WHAT THE TASK ASKS: The answer must be an exact copy of the records, with every picture left out.

RECORDS FOR THE TASK:

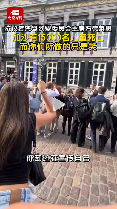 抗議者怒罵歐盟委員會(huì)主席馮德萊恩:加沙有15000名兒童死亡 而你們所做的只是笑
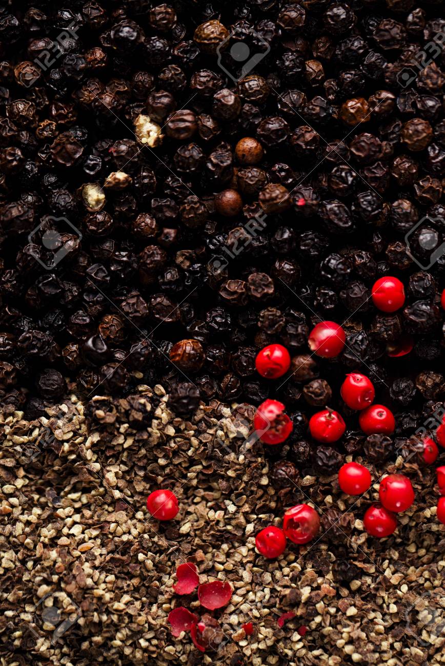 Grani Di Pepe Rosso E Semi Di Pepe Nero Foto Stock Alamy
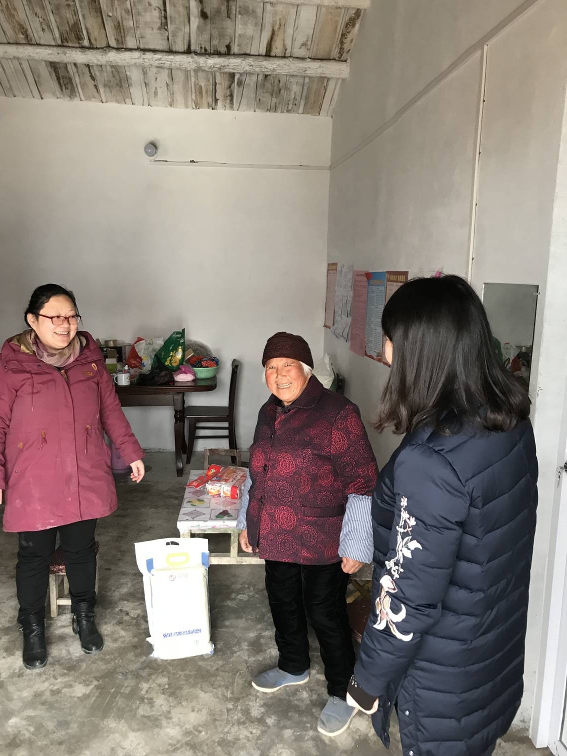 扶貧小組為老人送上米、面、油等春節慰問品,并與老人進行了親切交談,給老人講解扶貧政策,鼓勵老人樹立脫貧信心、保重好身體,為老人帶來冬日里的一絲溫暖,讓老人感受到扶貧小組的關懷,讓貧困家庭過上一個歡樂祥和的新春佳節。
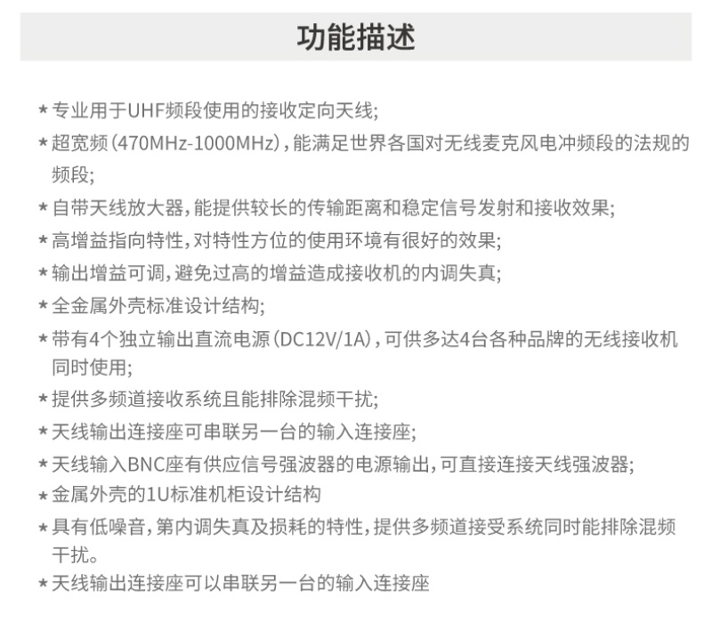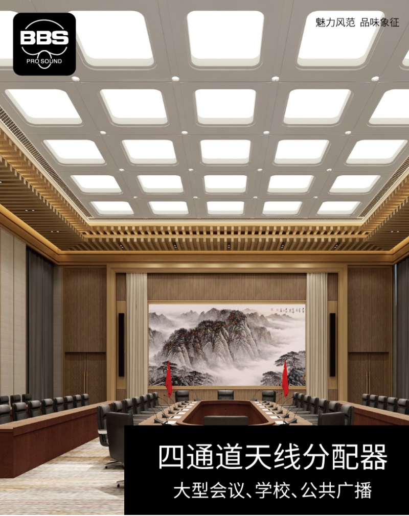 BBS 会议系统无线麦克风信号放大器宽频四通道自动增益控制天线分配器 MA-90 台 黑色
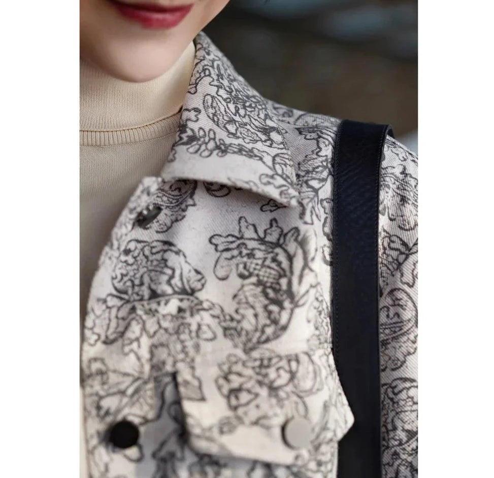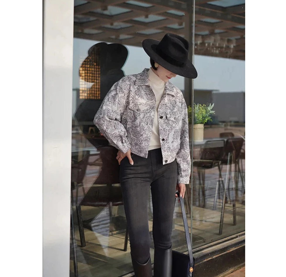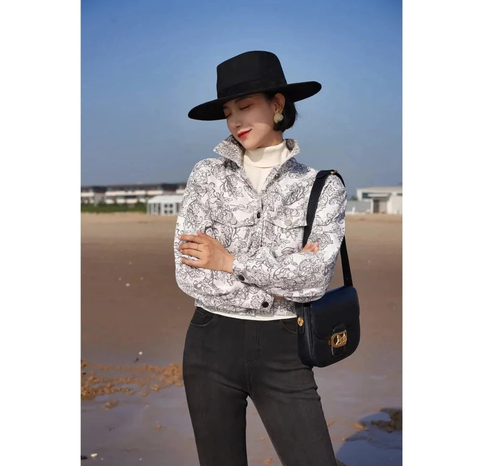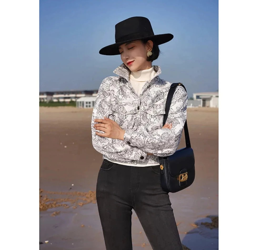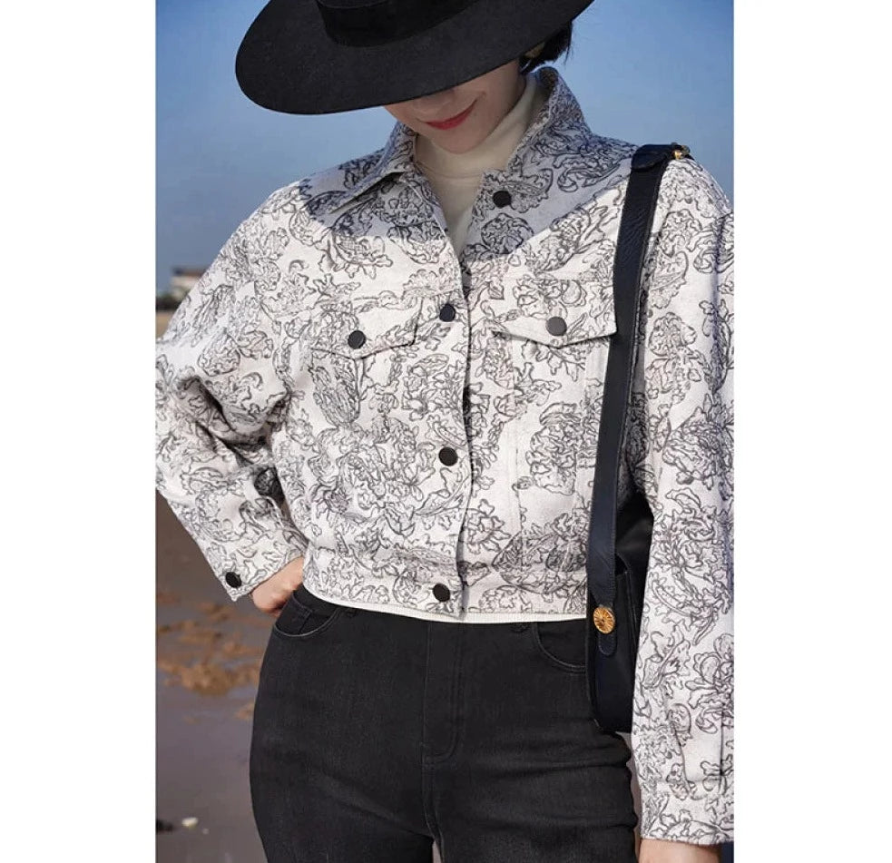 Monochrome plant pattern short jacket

WRITTEN RESPONSE:
 抗議者怒罵歐盟委員會(huì)主席馮德萊恩:加沙有15000名兒童死亡 而你們所做的只是笑
 Grani Di Pepe Rosso E Semi Di Pepe Nero Foto Stock Alamy
 扶貧小組為老人送上米、面、油等春節慰問品,并與老人進行了親切交談,給老人講解扶貧政策,鼓勵老人樹立脫貧信心、保重好身體,為老人帶來冬日里的一絲溫暖,讓老人感受到扶貧小組的關懷,讓貧困家庭過上一個歡樂祥和的新春佳節。
 BBS 会议系统无线麦克风信号放大器宽频四通道自动增益控制天线分配器 MA-90 台 黑色
 Monochrome plant pattern short jacket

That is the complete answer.